My husband and I consolidated our loans (separately from each other) before the new consolidation laws took effect, but much of what the reader says holds true for private loans. Here’s how it works:

Federal Loan Consolidation

When we consolidated, we were able to combine our Federal loans into one loan with an averaged fixed interest rate. For example, my rate is 2.85%. My husband’s rate is higher because some of his original loans had much higher rates. Then, with on-time payments and auto pay, we were able to reduce our interest rates by .25 to .5% after 36 months. So, actually my rate is now 2.35%. Not too shabby! This was, of course, before the changes to the law that made the new base rate significantly higher. This law makes me a bit stabby, but that’s another post.

You can still consolidate Federal student loans, but only with the Direct Loan program. Private lenders no longer offer federal consolidation. Your rate may not be reduced much because of the new mandatory rates, but you will get a single payment and a longer term, which lowers the monthly payment.

Private Student Loan Consolidation

Private student loan consolidation is trickier. You can’t combine your federal and private loans into one consolidation, so my husband has two consolidations – a private and a federal. He also has a couple of small standalone loans that couldn’t be consolidated.
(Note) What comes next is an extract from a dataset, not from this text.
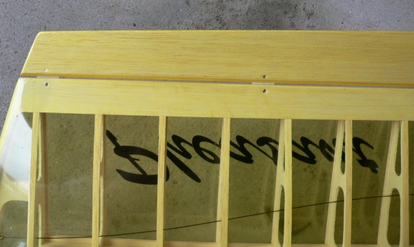 横から見るとバランスの良い側面をしているように感じます。KMCのキットの場合は基本的に素材のバルサの定尺の都合で測板の高さが75mmにせざるを得ないそうですが、この機体は一番高いところで95mmほどあります。側面積が広いほどワイヤーのテンションが強くなるらしいので小型機にはありがたいです。(ラジコンではナイフエッジで良く浮くと言います) |

Although the loans are consolidated, the rates are still variable. However, we only have one payment for the bulk of those loans. The benefits of consolidating are threefold:

1. We don’t have to track 15 different loans (three years of professional school, plus four years of undergrad produce a lot of loans!)

2. We get a longer term. Rather than the original 10-year term that most of those loans came with, the term is 30 years. We’ll pay them off faster if we can, but it gives us breathing room.

3. Co-signers are removed. I’m still a co-signer on one of my husband’s smaller, non-consolidated loans, but consolidating removed me from the larger loans, which means I won’t be on the hook if he dies early or defaults.

Options for Reducing Monthly Payments

If you consolidate, get the longest term you can. Usually this is dependent on the amount of the loans, but large balances like those of the above questioner would probably qualify for the longest term.

Even with private consolidation, you can ask for a graduated payment plan. That reduces the payment for the first few years, but you end up paying more interest in the end. Our payments are set to jump $500 next year because my husband’s graduated payment plan is converting to a full payment plan. We’re already budgeting for that eventuality, and it’s one reason we bought our house when we did.

If you’re interested in a private loan consolidation, start by contacting your lender to see if that option is available and which loans can be consolidated into it. Although you may not get them all, getting at least some will help.